The Temporary Foreign Worker Program Under Unfair Scrutiny
Over the past few weeks, the federal government has been harshly criticized for its Temporary Foreign Worker Program. Critics claim that the program permits abuse and fraud, and that Canadian citizens and permanent residents are being denied employment opportunities as a result of employers favouring temporary foreign workers, who they then pay at rates lower than the average prevailing wage. As a direct result of this criticism, the program has been modified so that restaurants are no longer able to use the program to fill their labour shortages. Further changes are anticipated, including increased auditing powers for federal inspectors of employers who have applied for Labour Market Opinions, which is the document often required in order to hire foreign workers
The actions taken by the government are reactionary and poorly planned. They place blame for deficiencies in the program on employers, instead of acknowledging that the government’s execution of the program has been inconsistent and unpredictable.
Employers would prefer to employ Canadian citizens and permanent residents rather than recruit foreign workers. The process to apply for a Labour Market Opinion is labour intensive, expensive and time consuming. In some cases, employers must pay their foreign workers more than their Canadian counterparts, since they are required to pay the “average prevailing wage rate”. This published rate sometimes does not reflect business realities, since it does not take into consideration the countless variables and experience levels that occur within a single job description. If employers were able to fill a position locally, without inviting the governmental scrutiny, increased auditing responsibilities, and additional expense associated with participation in the Temporary Foreign Worker Program, they would readily do so.

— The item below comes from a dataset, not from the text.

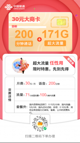 电话卡流量卡30元大商卡 200分钟共171G流量

However, the reality is that in order for many employers to remain competitive, or even viable, they must hire individuals from outside of Canada, as they are not able to find individuals with the requisite skill set within Canada. Before offering an employment position to a foreign worker, they must demonstrate that they have attempted to locate Canadians or Canadian permanent residents.The standards to demonstrate this labour market shortage are dictated by the federal government. It is their argument that these standards are objective, and that once employers have followed their stringent recruitment procedures, a labour market shortage has been identified and hiring a foreign worker is justified. It is unfair for the government to now penalize an entire industry sector, in this case the restaurant industry, arguing that the recruitment practices in place are insufficient, when it is the federal government’s required recruitment practices that are being followed in the first place.
If individual employers are abusing the Temporary Foreign Worker Program by not adhering to the employment standards represented on their applications for Labour Market Opinions, indeed, they should be reported and punished accordingly. If it is demonstrated that there is no labour market shortage for a position when previously it was thought that there was, then indeed, the recruitment standards should be modified so that employers are able to effectively demonstrate their inability to locate suitable Canadian candidates. However, to implement a ban on all restaurants hiring foreign workers as a reaction to a few disgruntled employees and a lot of media attention unfairly punishes those restaurants who have adhered to the federal government’s standards in good faith. These reactionary measures will unfortunately result in some restaurants’ inability to conduct their business… not to mention the potential inability of some rural communities across the country to enjoy an authentically prepared tagine!